The death knight didn't wait for comprehension to register on her face, turning to look at the hippogryph instead. Its black hood fell almost of its own accord as a pair of ears twitched and wriggled free; the sight of them, tall, slender, punched with symmetrical holes, only added to Atalania's revulsion. Then it was not only a mockery of the sanctity of life but also an arcane-fouled abomination that was leaning into the stall to study the beast.
"Don't disturb Ah'falore with your vile habit," she snapped, drawing herself up and leaning forward protectively. "Though perhaps I ought not expect any better from a," and she hissed the word with mocking sarcasm, "quel'dore."
Her words elicited a nonplussed sideways glance but little more; it soon looked back at the hippogryph, who, perhaps bothered by the smoke and smell, was beginning to stir, shaking herself slowly. "Ah'falore?" it repeated, in its strange day-walker's accent, heedlessly returning its pipe to its mouth.
"It is what I call her, as she is like a sister to me," the Sentinel replied, a bit too distracted by the sight of the beast at last moving to apply quite the sneering disdain she normally would have – as the 'gryph shuffled towards the front of the stall, Atalania extended her arm, offering a hand in greeting. "I am not so disrespectful that I would address her without a proper name, like some kind of common beast."
Her fingertips contacted neither feather nor fur, though; as the creature's warm weight eased past, she turned and blinked with surprise. The death knight had barely moved; leaning forward with its sallow forearms resting on the wood, holding its pipe in its mouth, it kept its gaze steady on the hippogryph as she drew closer, cocked her head, and began to tentatively beak at the rising stream of smoke.

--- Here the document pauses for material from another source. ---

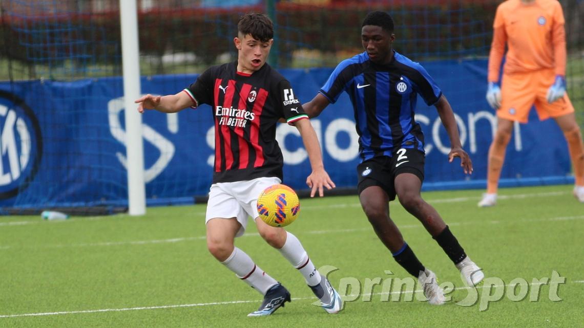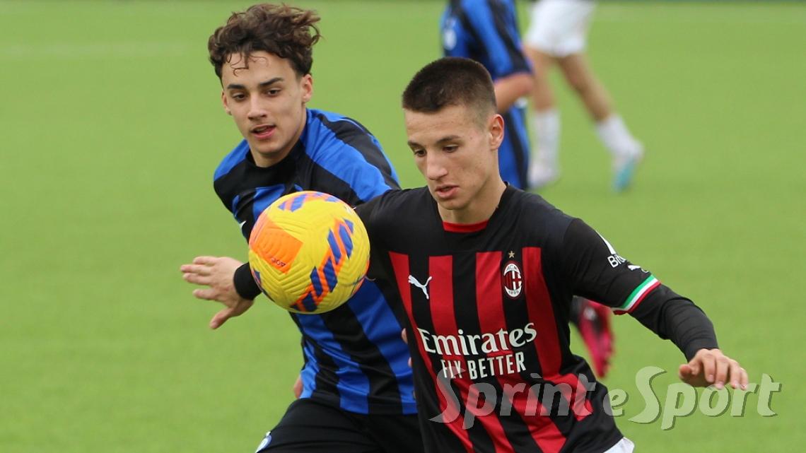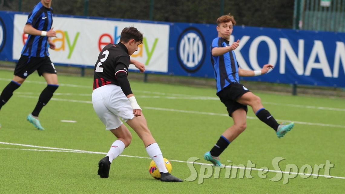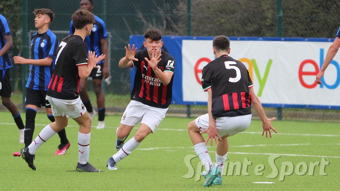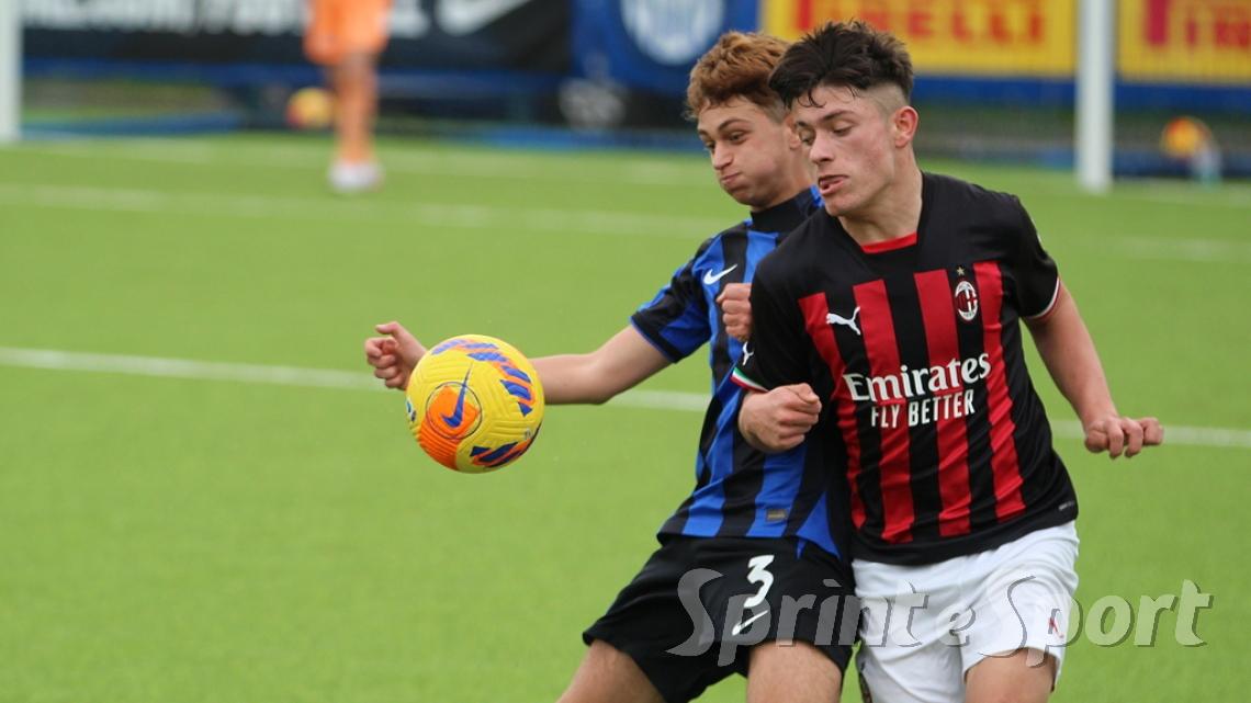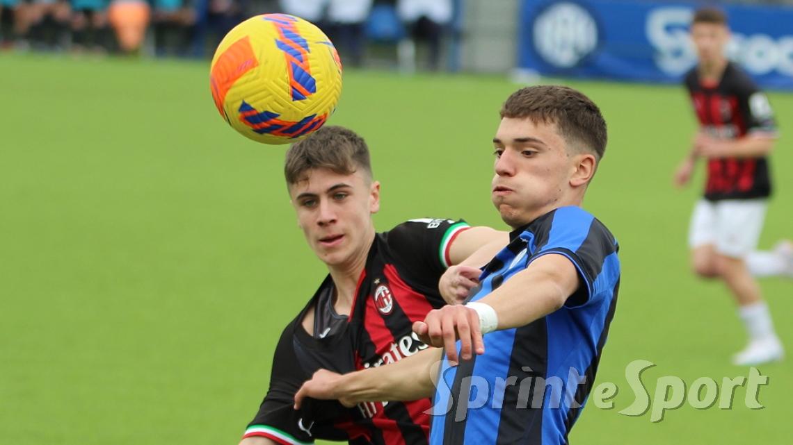 È stato forse il derby più palpitante di quest'anno. Un primo tempo clamoroso con 16 occasioni totali, un gol segnato - quello di Simone Batistini, di testa, su cross dalla sinistra di Mattia Liberali - e un cartellino rosso, allo stesso Liberali, che ha costretto il Milan a giocare tutto il secondo tempo con un uomo in meno. L'Inter ci ha provato in ogni modo, trascinata dalle giocate di un Jamal Iddrissou in forma smagliante e dall'intelligenza tattica di Davide Balduzzi, jolly preziosissimo della banda Solivellas: il forcing nerazzurro nella ripresa, però, si è scontrato contro un Milan coriaceo, organizzato e capace di colpire in contropiede con una giornata incredibile di Francesco Camarda, il gioiello del vivaio rossonero, che dopo una cavalcata palla al piede di 50 metri ha avuto la lucidità per servire capitan Emanuele Sala, bravo a raddoppiare. Che giocata quella del numero 9 rossonero, capocannoniere del Girone B con 17 gol in 16 partite da sotto età (CLASSIFICA MARCATORI): recupero palla di Albè e palla raccolta sulla propria trequarti, galoppata inarrestabile evitando la scivolata di Affronti e lasciando sul posto Nenna prima di scaricare al centro al proprio capitano per il 2-0. Gli sforzi interisti si sono concretizzati a 4 minuti dalla fine con il 2-1 di Nicolò Urbano che ha riacceso le speranze nel finale: il Diavolo di Simone Baldo però ha resistito agli assalti finali, portando a casa i tre punti e centrando la qualificazione alle fasi finali con due giornate d'anticipo. Dopo la sosta, contro l'Udinese, potrebbe arrivare anche il primo posto matematico. L'Inter, invece, è praticamente certa del terzo posto e per arrivare agli ottavi dovrà passare dai playoff.

It didn't move, didn't speak, not until the hippogryph had drawn back to peer at the knight with critical amber eyes. It leaned back, then, to take pipe in hand once more and look sidelong at the Sentinel, Scourge-blue eyes narrowed. "She has a name," came that dead voice, soft and low. "It's Bonnie."
It took a moment for Atalania to recover her wits; then, frowning, she leaned forward, hand tightening on the wooden railing, partly to restrain herself. "A Common call name," she scoffed, "suited for a gryphon, perhaps. One cannot expect a human to understand the proper naming conventions of Cenarius's winged children."

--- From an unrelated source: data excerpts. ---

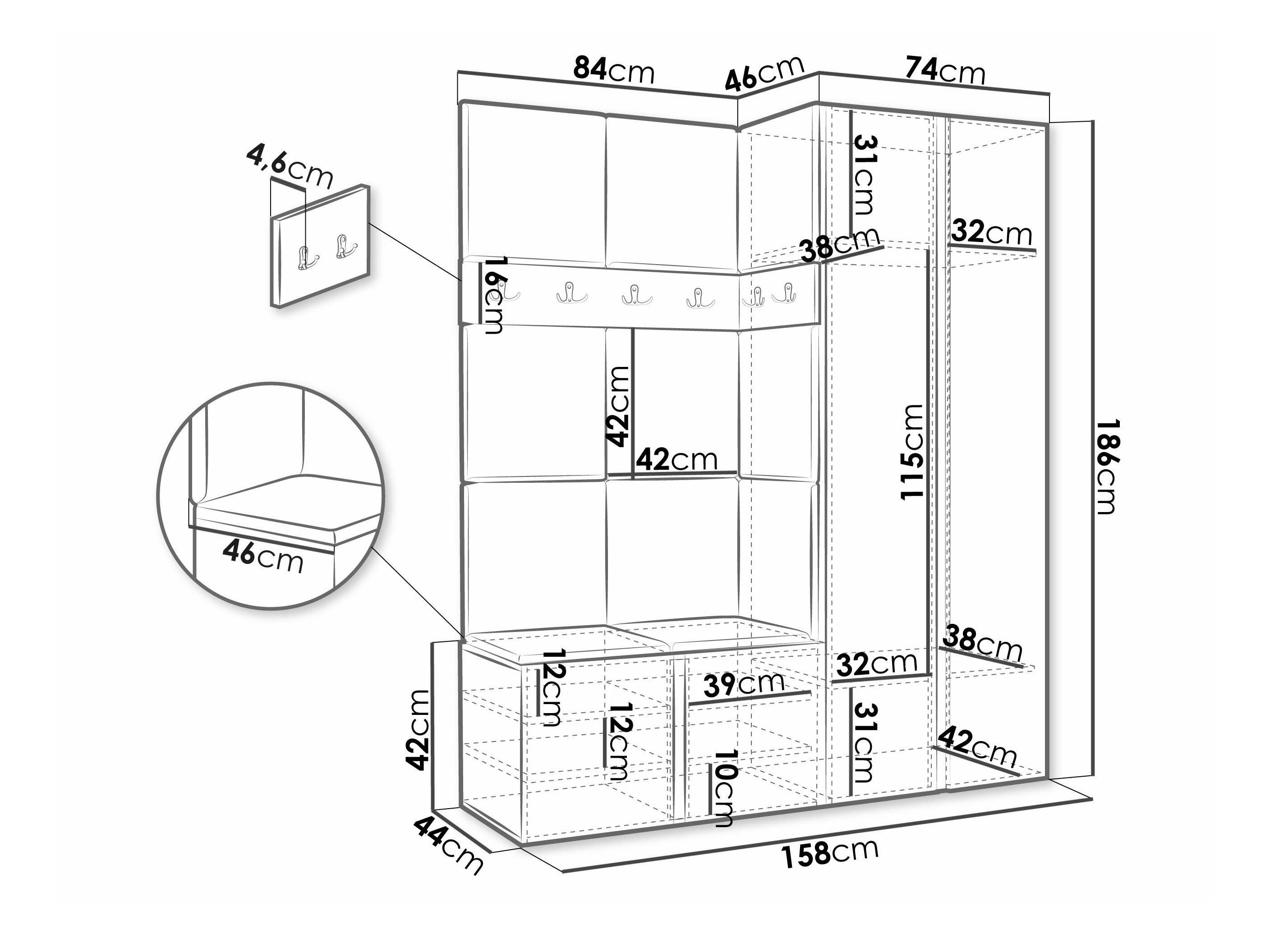 186 x 74 x 46 cm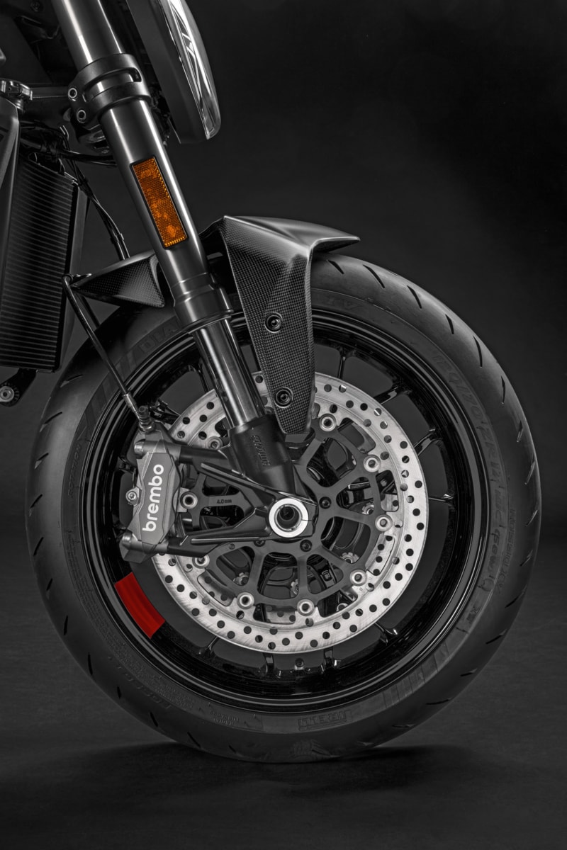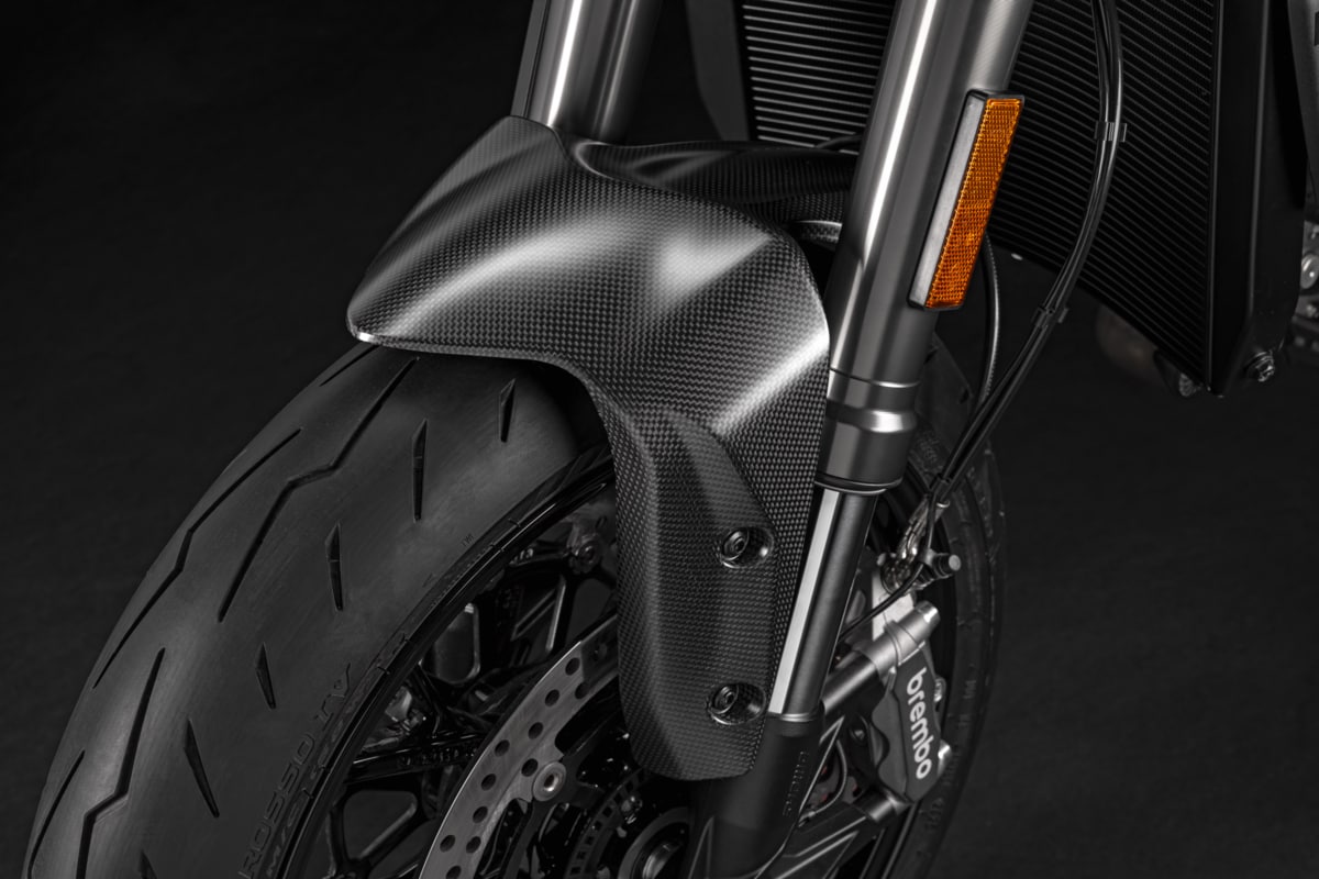カーボンファイバーならではの美しさと軽さが融合したこのアクセサリーは、標準の塗装部品に代わる部品として誕生し、Monsterの力強いフロントエンドを個性的なエレメントで引き立てます。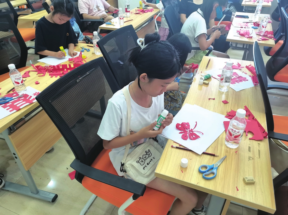 孩子们用心制作剪纸。周琳摄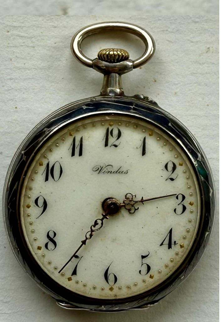 El reloj de dama de la marca Vindas pertenece a un grupo de piezas fabricadas en Suiza entre finales del siglo XIX y primera década del XX, destinadas a joyerías y relojerías minoristas que comercializaban relojes bajo su propia marca. El apellido Vindas corresponde a una familia de comerciantes y relojeros establecidos en distintas ciudades europeas (especialmente en Francia y España), que importaban movimientos suizos terminados o semi-terminados para ensamblarlos y personalizarlos. La inscripción en esmalte negro VINDAS esmaltada en la indicación horaria de las XII y visible en las fotografías confirma esta práctica habitual: indica el nombre del comerciante y el destino de la pieza, y no de un fabricante de calibres.

The death knight snorted in reply, turning its gaze back to the 'gryph now resettling in the corner of its stall. Taking a drag from the pipe, it blew a long stream of bitter smoke towards her, but before Atalania could condemn the blatant disrespect, it spoke again. "Much less a human country boy turned 'Verdict blacksmith an' then into ninepins f'r entertainin' the Lich King's ghouls, I guess." A pause long enough for another drag, but not long enough for the night elf to interrupt – "Still hasn' accepted a new rider, I take it."
Atalania swallowed – must have been the smell of the smoke or maybe the smell of the corpse that was making her queasy. "She hasn't."

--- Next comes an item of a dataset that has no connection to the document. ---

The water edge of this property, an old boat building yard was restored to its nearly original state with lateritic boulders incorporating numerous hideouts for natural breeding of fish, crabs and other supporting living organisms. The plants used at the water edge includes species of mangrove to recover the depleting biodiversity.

The knight grunted acknowledgment, turning eyes and ears away from the Sentinel dismissively, studying the resting hippogryph in silence, still puffing great clouds of foul-smelling smoke. Atalania wanted to say something, communicate how gross these insults were, but her head was bothering her and the words weren't coming. And so instead she edged around the rotted quel'dore in a wide arc and stepped through the doorway, taking deep gulps of the freezing Icecrown air as she headed down the path to the Darnassian pavilion.